Detailed mathematical approach

Problem Summary

A tau number is a positive integer \(n\) for which the divisor count \(\tau(n)\) divides \(n\). With the fixed limit \(L=10^{16}\), the problem asks us to look at every divisor-count value \(k\) for which there exists at least one tau number \(n\le L\) satisfying \(\tau(n)=k\), and then define

$m(k)=\min\{n\le L:\tau(n)=k,\ k\mid n\}.$

The required answer is the sum of all existing values \(m(k)\). This includes the trivial case \(m(1)=1\), but the real difficulty is global: for every reachable divisor count \(k\), we must identify the smallest admissible integer rather than just produce one example.

Mathematical Approach

The implementations do not scan integers. They search over prime-exponent patterns, because both the divisor function and the condition \(\tau(n)\mid n\) become rigid and testable in that language.

Exponent vectors are the natural state space

Write a candidate number as

$n=\prod_{i=1}^{r} b_i^{e_i},\qquad b_1<b_2<\cdots<b_r,\qquad e_1\ge e_2\ge \cdots\ge e_r\ge 1.$

The exponents are arranged in non-increasing order because, once the multiset of exponents is fixed, the smallest possible integer is obtained by placing larger exponents on smaller primes. In this representation, the divisor count is

$\tau(n)=\prod_{i=1}^{r}(e_i+1)=:T.$

So every exponent vector determines one divisor-count value \(T\). Different vectors can yield the same \(T\), which is why the search must keep the best number found for each divisor-count key.

The canonical lower bound that drives pruning

For the same exponent vector, the smallest possible realization is obtained by using the first \(r\) primes:

$n_{\min}(e_1,\dots,e_r)=\prod_{i=1}^{r} p_i^{e_i},$

where \(p_i\) is the \(i\)-th prime. This number does not necessarily satisfy \(\tau(n)\mid n\); it is only the minimal number having that exponent multiset. But it is still crucial, because if even \(n_{\min}(e_1,\dots,e_r)>L\), then every other realization of the same vector is larger, so the entire branch can be discarded immediately.

This lower bound is exactly what the outer depth-first search maintains incrementally.
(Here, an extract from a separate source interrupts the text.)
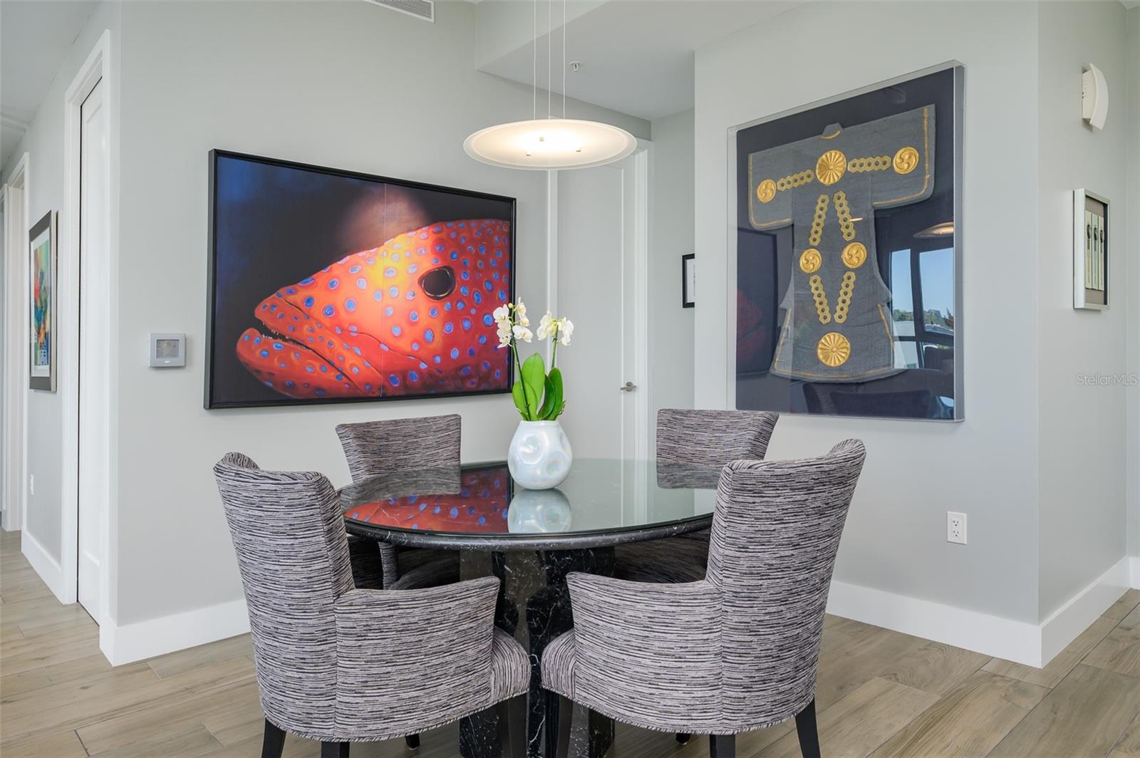 This desirable top-floor residence in the exclusive Orange Club community seamlessly blends modern design with everyday comfort. In a prime downtown location within a boutique building of only 15 residences, this sought-after Sunrise floor plan offers over 1, 500 square feet of open and airy living space. The main living areas feature elegant wood-look porcelain tile flooring, complementing the home’s contemporary aesthetic. An open-concept layout enhances the flow of natural light, with floor-to-ceiling sliders leading to an expansive private balcony. Designed for relaxation and entertaining, the balcony includes an overhead fan, and a natural gas grill with ample room for outdoor dining and lounging. The chef-inspired kitchen is stylish and functional, featuring a natural gas cooktop, premium dark wood-grain cabinetry, stainless steel appliances, and a large island that provides additional workspace and seating. The adjacent dining area is open and spacious, seamlessly integrating with the kitchen and living area for effortless entertaining. The primary suite spans the width of the residence, offering a tranquil retreat with abundant natural light, a spa-inspired en-suite bath and a generous walk-in closet. The primary bath is thoughtfully designed with a glass-enclosed walk-in shower, an extra-long floating double vanity and built-in storage, all complemented by large-format porcelain tiles. One of the additional bedrooms serves as a dedicated study with a closet, making it easily adaptable as a guest space or private media den. Positioned for privacy, the additional bedrooms are on the opposite side of the home, separated from the primary suite by the main living areas. High-end features throughout include shades, premium fixtures and wood-look porcelain tile flooring in the main living spaces. This residence also includes a deeded, assigned covered parking space, climate-controlled ground-level storage and access to ample guest parking. Residents of Orange Club enjoy a heated pool and patio area, ideal for year-round relaxation. Furniture is available for purchase under a separate bill of sale. In the heart of Sarasota, near the historic Burns Court neighborhood, this exceptional residence offers the blend of urban convenience, privacy and tranquility, all within a short distance of downtown Sarasota and Sarasota Bay.

It is the main invariant that makes the global enumeration finite.

What \(\tau(n)\mid n\) forces on the prime bases

Now factor the divisor count itself:

$T=\prod_{j=1}^{t} q_j^{\nu_j},$

with distinct primes \(q_j\). Since \(T\mid n\), every prime divisor \(q_j\) of \(T\) must also occur among the prime bases of \(n\), and its exponent inside \(n\) must be at least \(\nu_j\).

For a fixed exponent vector, this turns into an injective placement problem. Each mandatory prime \(q_j\) has to be assigned to a distinct exponent slot \(i\) satisfying

$e_i\ge \nu_j.$

If there are more mandatory primes than slots, so \(t>r\), the vector is impossible at once. Likewise, if the largest exponent is still smaller than one of the required values \(\nu_j\), no assignment can work.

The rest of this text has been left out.